Atorvastatin Prevent the Neuron Loss in the Hippocampal Dentate Gyrus Region through its Anti-oxidant and Anti-apoptotic Activities

Background: Atorvastatin is a member of statins, which has shown positive vascular effects, anti-oxidant, antiplatelet, and anti-apoptotic properties. Objective: In this study, we hypothesized that atorvastatin could prevent the neurons lost in the hippocampal dentate gyrus region after transient global ischemia/reperfusion (I/R) through its anti-oxidant and anti-apoptotic activities. Method: Twenty-four male Wistar rats 12-13 weeks old and weighing 250–300 g, were divided randomly into four groups: control, I/R, vehicle (I/R treated with NaCl) and experiment (I/R treated with atorvastatin, 10 mg/kg) and rats were sacrificed 96 hours after I/R. Quantitative expression of genes (caspase 8, p53, bax, bcl2, cytochrome c) was studied.
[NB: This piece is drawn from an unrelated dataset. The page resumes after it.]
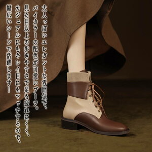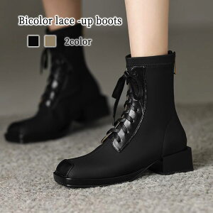 【商品名】バイカラーレースアップブーツ【カラー】ブラック ベージュ【サイズ】225 23 235 24 245 25【素材】PU【季節】春 夏 秋 冬【スタッフコメント】配色カラーが目を引くショートブーツ。低めのヒールで歩きやすく、足...

The MDA level, SOD, CAT, and GPx activities were measured with biochemical tests. To detect apoptotic cells, TUNEL and Nissl staining were performed. Mitochondria were prepared from the hippocampus rats, used to the quantification of mitochondrial ROS, ATP level, GSH content, membrane potential, cytochrome c release, and determination of mitochondrial swelling. Results: Atorvastatin attenuated the overexpression of bax, cytochrome C, p53, and caspase8 mRNAs and induced expression of bcl-2 mRNA (P<0.001). Atorvastatin treatment increased anti-oxidant enzyme levels (P<0.01). Treatment with atorvastatin reduced the number of TUNEL-positive cells. It could decrease the cytochrome c release (P<0.01), inhibit the decrease of MMP (P<0.001) and increased the ATP level (P<0.001) in mitochondrial hippocampal in compared with I/R group. Conclusion: Atorvastatin treatment in I/R rats decreases oxidative stress, production of ROS, apoptosis rate in neuronal cells, and improves the mitochondrial function. Hence, atorvastatin have a proper neuronal protective effect against the I/R injury in the brain.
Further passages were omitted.